Work order: Records follow. Print exactly the lines from the one that has "0 calories per" through the one that has "Lantamal V,Maspolin.id –", inclusive, and omit the pictures.

Exercise data:
################

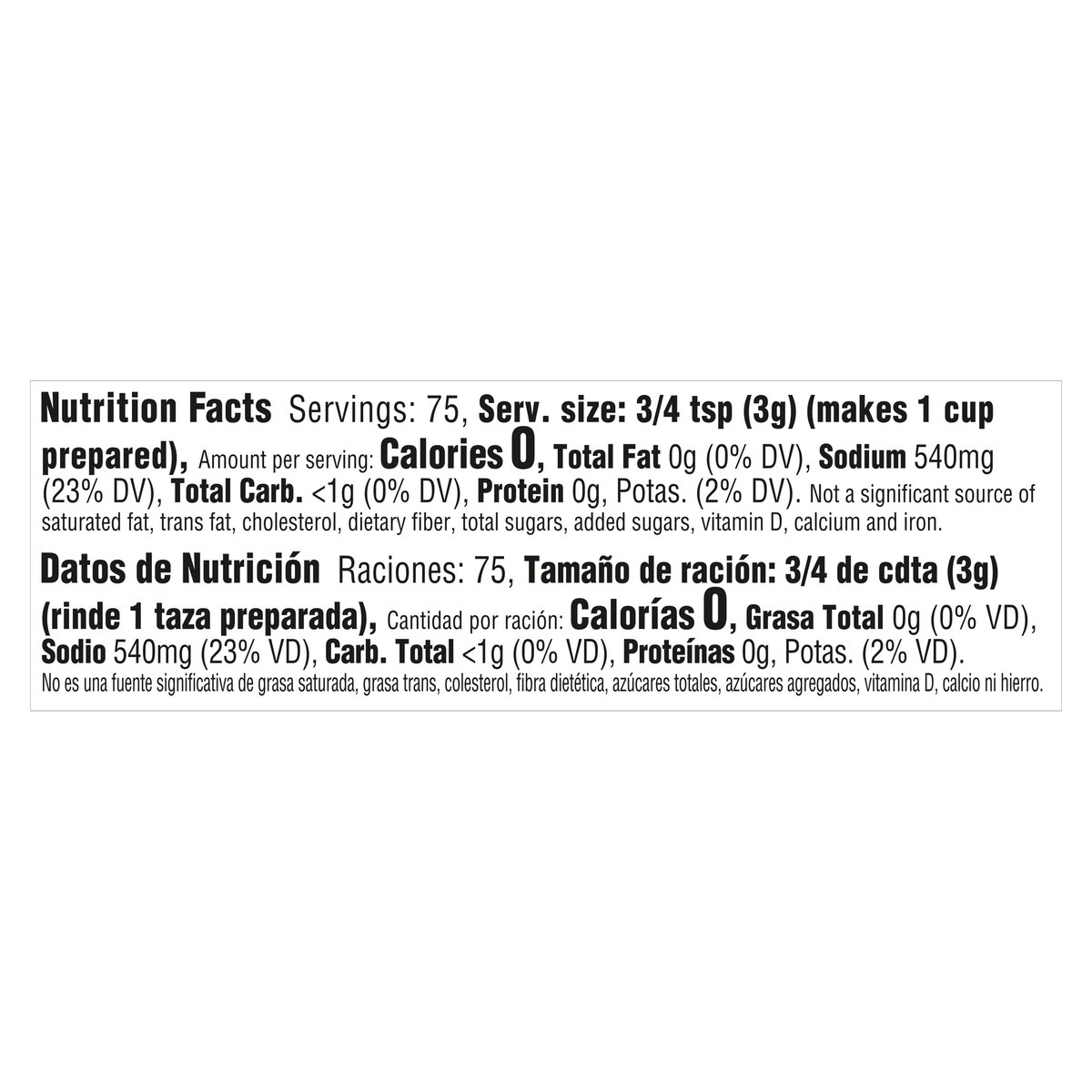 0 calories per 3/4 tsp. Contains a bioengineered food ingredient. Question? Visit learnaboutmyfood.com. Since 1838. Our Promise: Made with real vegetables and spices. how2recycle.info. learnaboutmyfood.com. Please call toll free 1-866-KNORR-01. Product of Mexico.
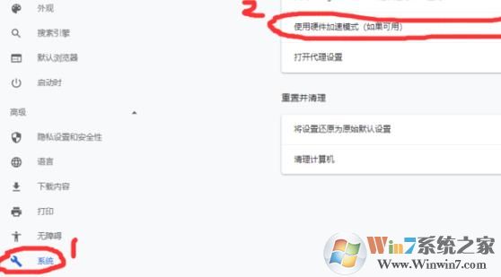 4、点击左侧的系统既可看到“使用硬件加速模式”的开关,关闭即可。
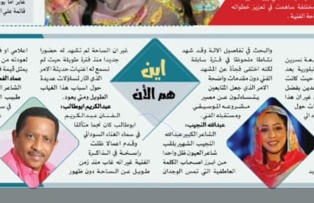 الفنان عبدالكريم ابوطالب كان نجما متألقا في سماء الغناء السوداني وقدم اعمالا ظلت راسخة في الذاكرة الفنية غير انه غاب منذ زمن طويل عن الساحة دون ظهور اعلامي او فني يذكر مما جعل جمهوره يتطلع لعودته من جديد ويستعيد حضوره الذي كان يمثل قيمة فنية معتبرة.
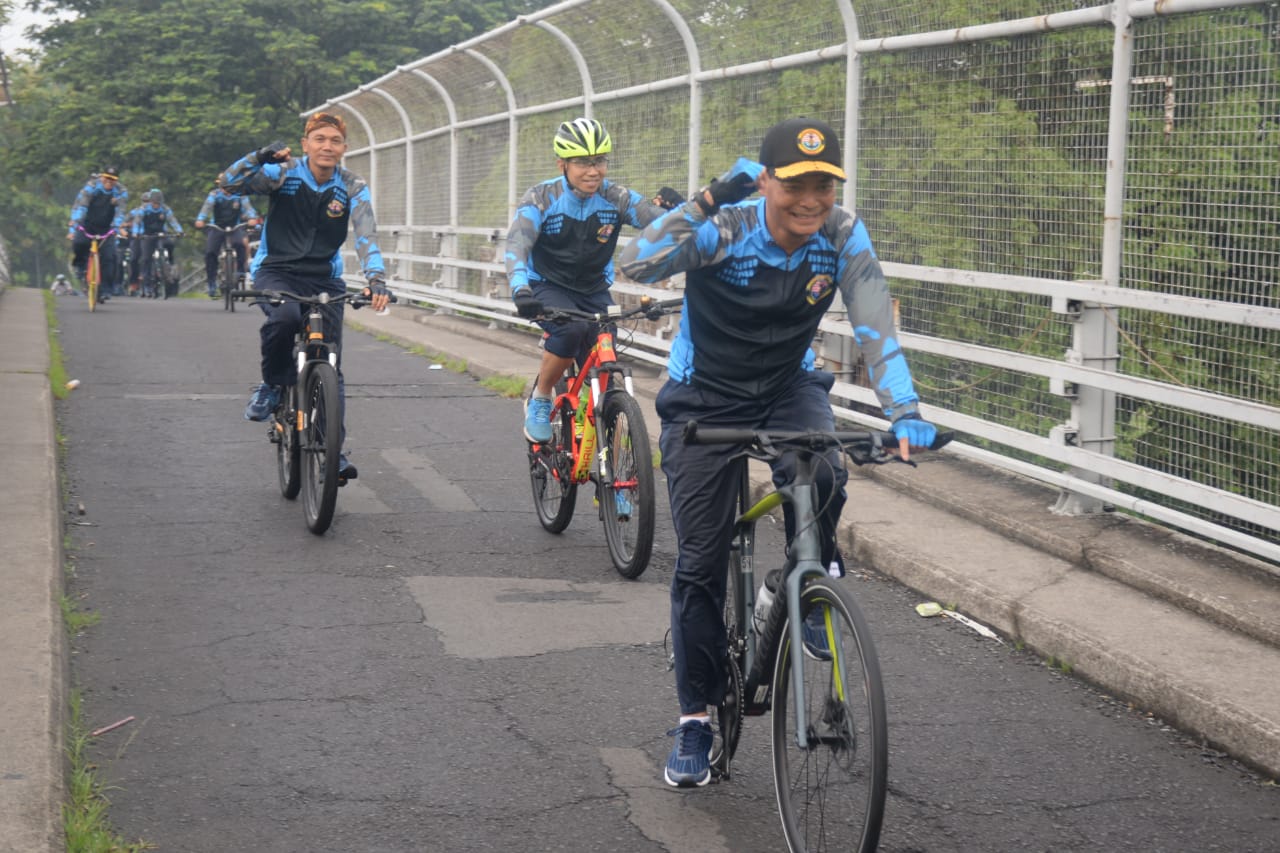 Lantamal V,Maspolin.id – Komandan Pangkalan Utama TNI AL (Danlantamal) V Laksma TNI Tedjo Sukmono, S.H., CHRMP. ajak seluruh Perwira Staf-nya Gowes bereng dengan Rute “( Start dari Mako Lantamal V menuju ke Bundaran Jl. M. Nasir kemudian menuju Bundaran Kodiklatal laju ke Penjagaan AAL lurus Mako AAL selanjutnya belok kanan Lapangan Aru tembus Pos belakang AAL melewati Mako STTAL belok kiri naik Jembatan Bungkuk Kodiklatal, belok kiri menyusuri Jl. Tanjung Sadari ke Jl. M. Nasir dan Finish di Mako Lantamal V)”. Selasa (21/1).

################

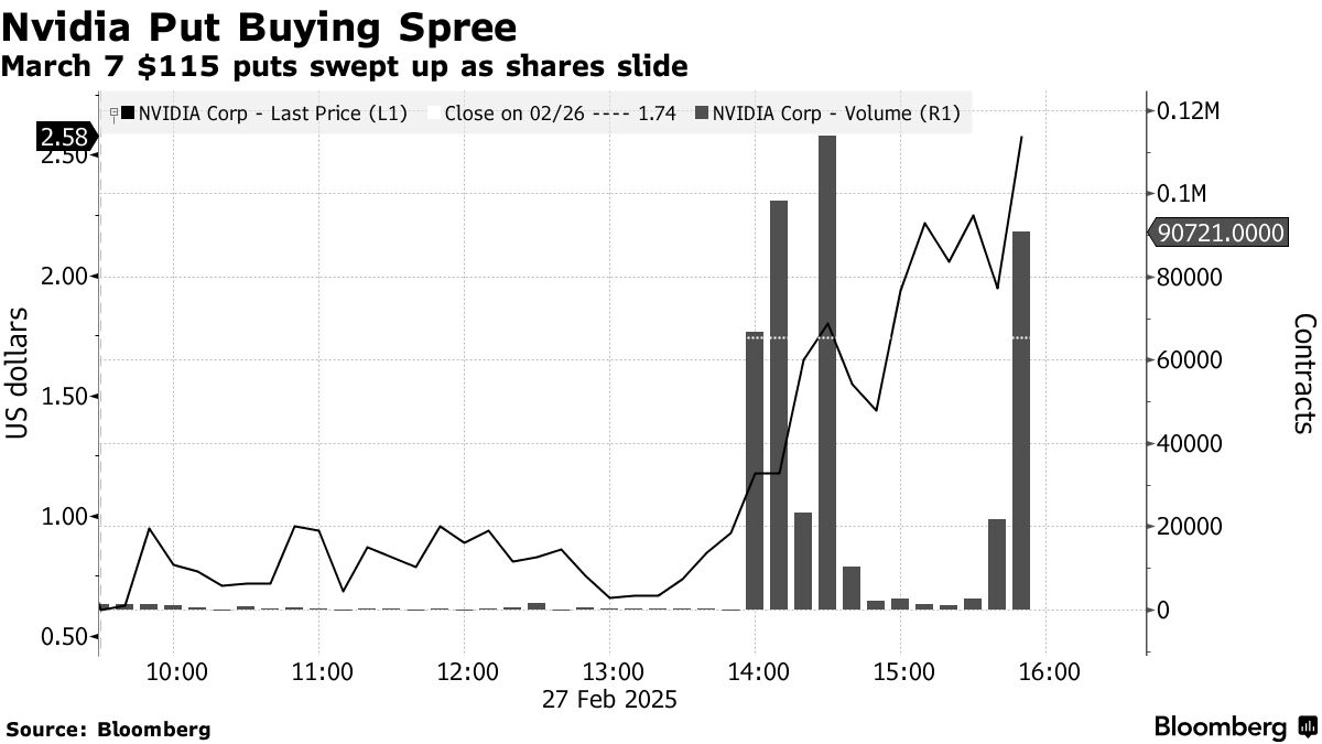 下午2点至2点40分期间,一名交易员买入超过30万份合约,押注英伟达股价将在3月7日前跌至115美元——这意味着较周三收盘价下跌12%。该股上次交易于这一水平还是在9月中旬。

################

Task solution:
 0 calories per 3/4 tsp. Contains a bioengineered food ingredient. Question? Visit learnaboutmyfood.com. Since 1838. Our Promise: Made with real vegetables and spices. how2recycle.info. learnaboutmyfood.com. Please call toll free 1-866-KNORR-01. Product of Mexico.
 4、点击左侧的系统既可看到“使用硬件加速模式”的开关,关闭即可。
 الفنان عبدالكريم ابوطالب كان نجما متألقا في سماء الغناء السوداني وقدم اعمالا ظلت راسخة في الذاكرة الفنية غير انه غاب منذ زمن طويل عن الساحة دون ظهور اعلامي او فني يذكر مما جعل جمهوره يتطلع لعودته من جديد ويستعيد حضوره الذي كان يمثل قيمة فنية معتبرة.
 Lantamal V,Maspolin.id – Komandan Pangkalan Utama TNI AL (Danlantamal) V Laksma TNI Tedjo Sukmono, S.H., CHRMP. ajak seluruh Perwira Staf-nya Gowes bereng dengan Rute “( Start dari Mako Lantamal V menuju ke Bundaran Jl. M. Nasir kemudian menuju Bundaran Kodiklatal laju ke Penjagaan AAL lurus Mako AAL selanjutnya belok kanan Lapangan Aru tembus Pos belakang AAL melewati Mako STTAL belok kiri naik Jembatan Bungkuk Kodiklatal, belok kiri menyusuri Jl. Tanjung Sadari ke Jl. M. Nasir dan Finish di Mako Lantamal V)”. Selasa (21/1).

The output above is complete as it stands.